● Collected data
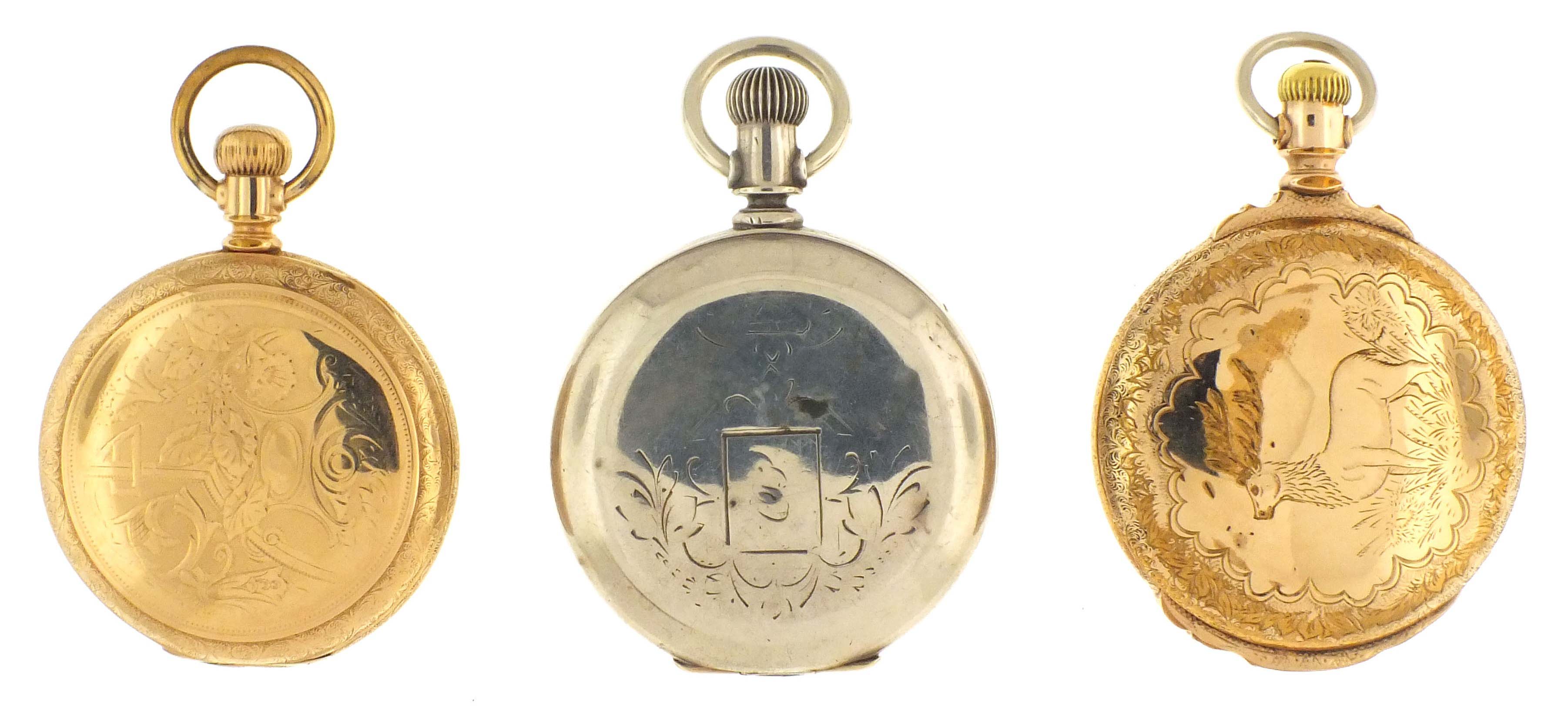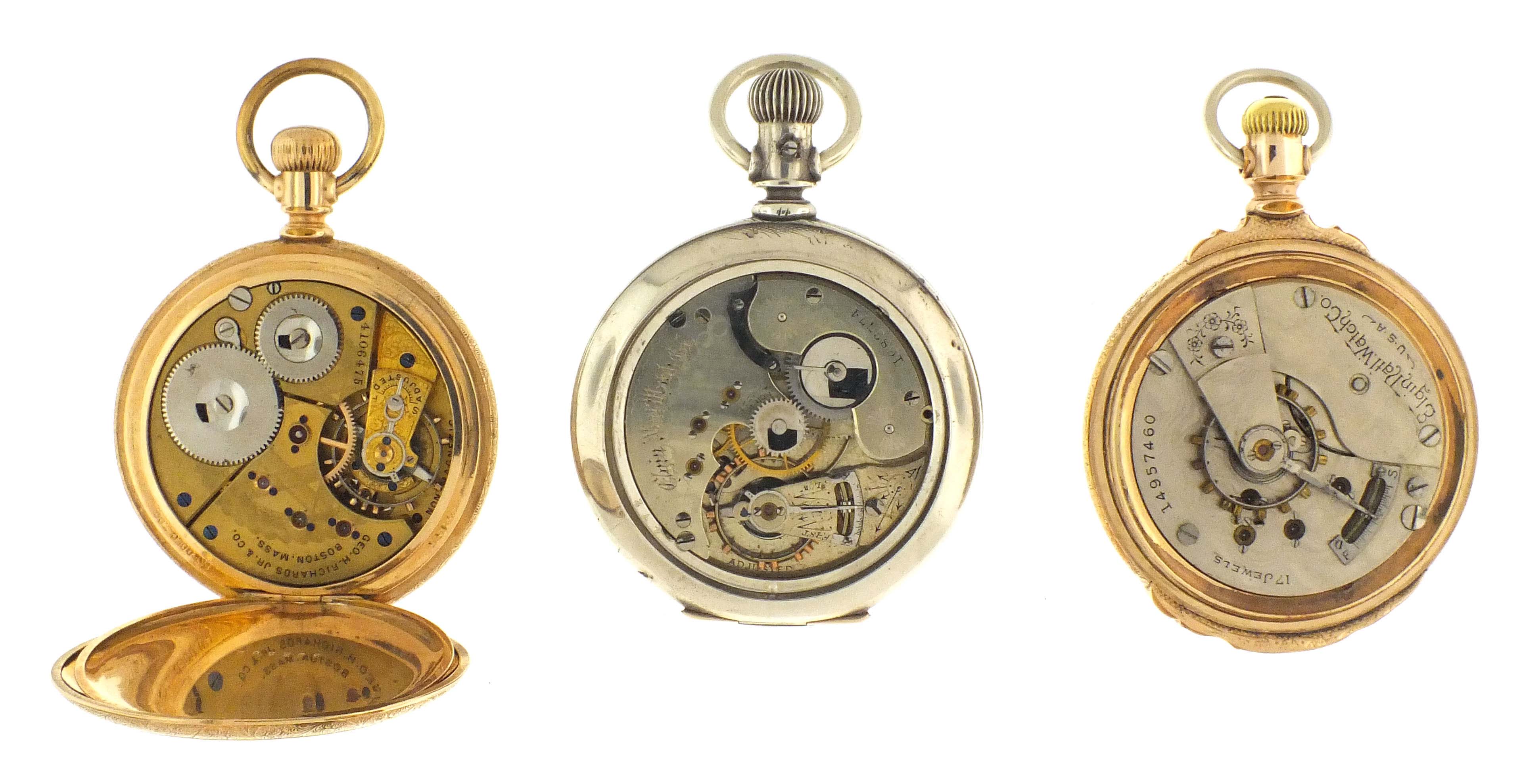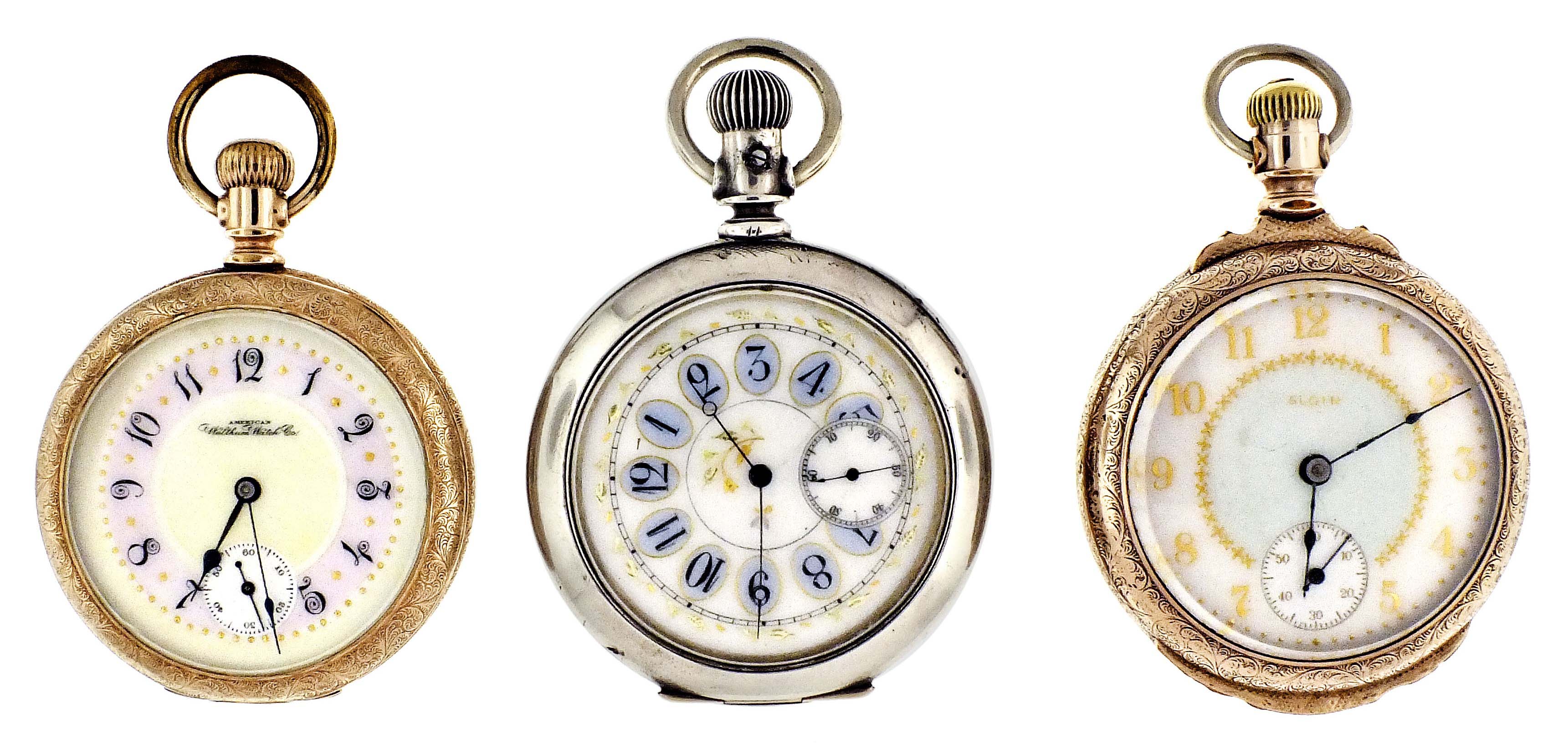 3 (Three) American pocket watches, 18 size, arabic numeral multicolor O'Hara style enamel dials, including an Elgin, model 5, grade "336", 17 jewel movement in gold filled open face case, serial #14957460, a Waltham model 1888, "Riverside", 15 jewel movement in gold hunting case, serial #4106475, and a Rockford model 1, grade 50,15 jewel movement in a coin silver, open face, muckle style case, serial #1683774
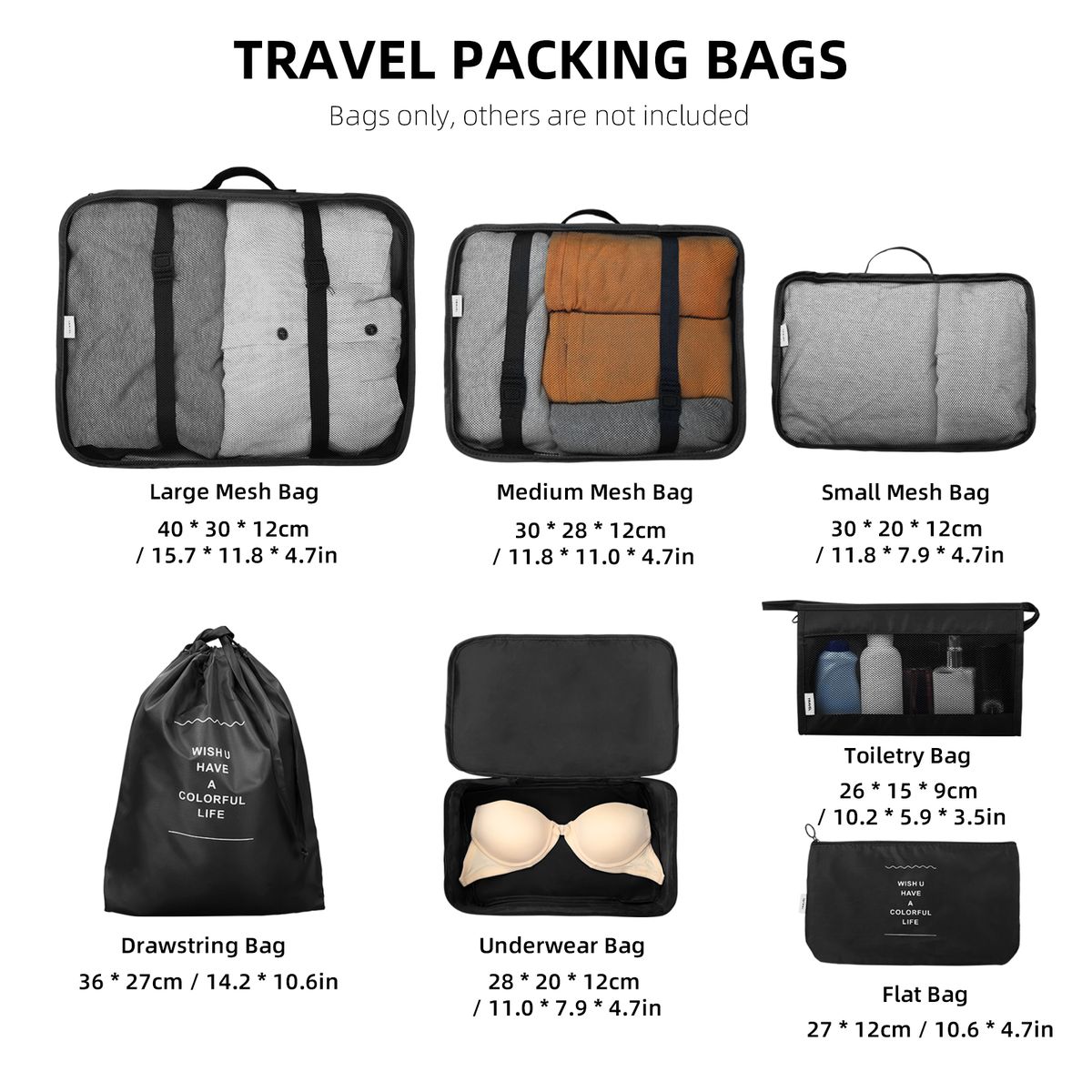 1 x Large Mesh Bag,1 x Medium Mesh Bag,1 x Small Mesh Bag,1 x Drawstring Bag,1 x Underwear Bag,1 x Toiletry Bag,1 x Flat Bag
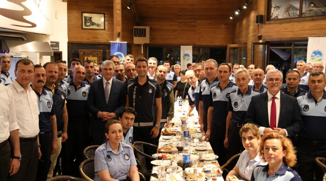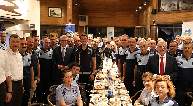 “Örnek bir teşkilata sahibiz”Zabıta teşkilatı ile bir araya gelen Başkan Ekrem Yüce, “Örnek bir teşkilat olarak şehrimiz huzuru ve güvenliği için çalışacağınıza, adaletten, şefkatten ve merhametten ayrılmayacağınıza inanıyorum. Bu şehri hep birlikte güzelleştirecek, şehrimize ve hemşerilerimize en iyi hizmeti sunacağız” dedi.Sakarya Büyükşehir Belediye Başkanı Ekrem Yüce, Zabıta Teşkilatı ile iftar programında buluştu. Donatım Park’ta gerçekleştirilen buluşmada Genel Sekreter Yardımcısı Ziya Cevherli, Zabıta Dairesi Başkanı Davut Yüce ve zabıta personelleri yer aldı. Başkan Yüce, tüm katılımcıların Ramazan’ını tebrik ederek, hayırlı bayramlar temennilerini iletti. Sakarya’ya hizmet için çalıştıklarını ifade eden Başkan Ekrem Yüce, yeni stratejiler belirleyerek fark yaratacak bir zabıta teşkilatı misyonu oluşturacaklarını söyledi.Örnek teşkilatBaşkan Ekrem Yüce, “Zabıta ekiplerimiz bizim vatandaşlarımıza bakan yüzümüzdür. Örnek bir teşkilat olarak şehrimiz huzuru ve güvenliği için çalışacağınıza, adaletten, şefkatten ve merhametten ayrılmayacağınıza inanıyorum. Sizler hemşerilerimize yardımcı olacak, güler yüzünüzle bu şehre hizmet sunacaksınız. Haksız rekabete yol açan seyyarlara yönelik denetimlerimiz devam edecek. Yasal çerçeveler doğrultusunda kurallara uymayanlara karşı sorumluluklarınızı yerine getireceksiniz. Bu vesileyle tüm hemşehrilerimize de çağrımızı yineleyelim ve bu şehri birlikte güzelleştirelim. Rabbim çalışmalarınızı kolaylaştırsın. İnşallah örnek bir zabıta teşkilatıyla şehrimize ve hemşerilerimize en güzel şekilde hizmet edeceğiz” dedi.

● Task item
Could you give all of the data again exactly as written, omitting any pictures?

● Output of the exercise
 3 (Three) American pocket watches, 18 size, arabic numeral multicolor O'Hara style enamel dials, including an Elgin, model 5, grade "336", 17 jewel movement in gold filled open face case, serial #14957460, a Waltham model 1888, "Riverside", 15 jewel movement in gold hunting case, serial #4106475, and a Rockford model 1, grade 50,15 jewel movement in a coin silver, open face, muckle style case, serial #1683774
 1 x Large Mesh Bag,1 x Medium Mesh Bag,1 x Small Mesh Bag,1 x Drawstring Bag,1 x Underwear Bag,1 x Toiletry Bag,1 x Flat Bag
 “Örnek bir teşkilata sahibiz”Zabıta teşkilatı ile bir araya gelen Başkan Ekrem Yüce, “Örnek bir teşkilat olarak şehrimiz huzuru ve güvenliği için çalışacağınıza, adaletten, şefkatten ve merhametten ayrılmayacağınıza inanıyorum. Bu şehri hep birlikte güzelleştirecek, şehrimize ve hemşerilerimize en iyi hizmeti sunacağız” dedi.Sakarya Büyükşehir Belediye Başkanı Ekrem Yüce, Zabıta Teşkilatı ile iftar programında buluştu. Donatım Park’ta gerçekleştirilen buluşmada Genel Sekreter Yardımcısı Ziya Cevherli, Zabıta Dairesi Başkanı Davut Yüce ve zabıta personelleri yer aldı. Başkan Yüce, tüm katılımcıların Ramazan’ını tebrik ederek, hayırlı bayramlar temennilerini iletti. Sakarya’ya hizmet için çalıştıklarını ifade eden Başkan Ekrem Yüce, yeni stratejiler belirleyerek fark yaratacak bir zabıta teşkilatı misyonu oluşturacaklarını söyledi.Örnek teşkilatBaşkan Ekrem Yüce, “Zabıta ekiplerimiz bizim vatandaşlarımıza bakan yüzümüzdür. Örnek bir teşkilat olarak şehrimiz huzuru ve güvenliği için çalışacağınıza, adaletten, şefkatten ve merhametten ayrılmayacağınıza inanıyorum. Sizler hemşerilerimize yardımcı olacak, güler yüzünüzle bu şehre hizmet sunacaksınız. Haksız rekabete yol açan seyyarlara yönelik denetimlerimiz devam edecek. Yasal çerçeveler doğrultusunda kurallara uymayanlara karşı sorumluluklarınızı yerine getireceksiniz. Bu vesileyle tüm hemşehrilerimize de çağrımızı yineleyelim ve bu şehri birlikte güzelleştirelim. Rabbim çalışmalarınızı kolaylaştırsın. İnşallah örnek bir zabıta teşkilatıyla şehrimize ve hemşerilerimize en güzel şekilde hizmet edeceğiz” dedi.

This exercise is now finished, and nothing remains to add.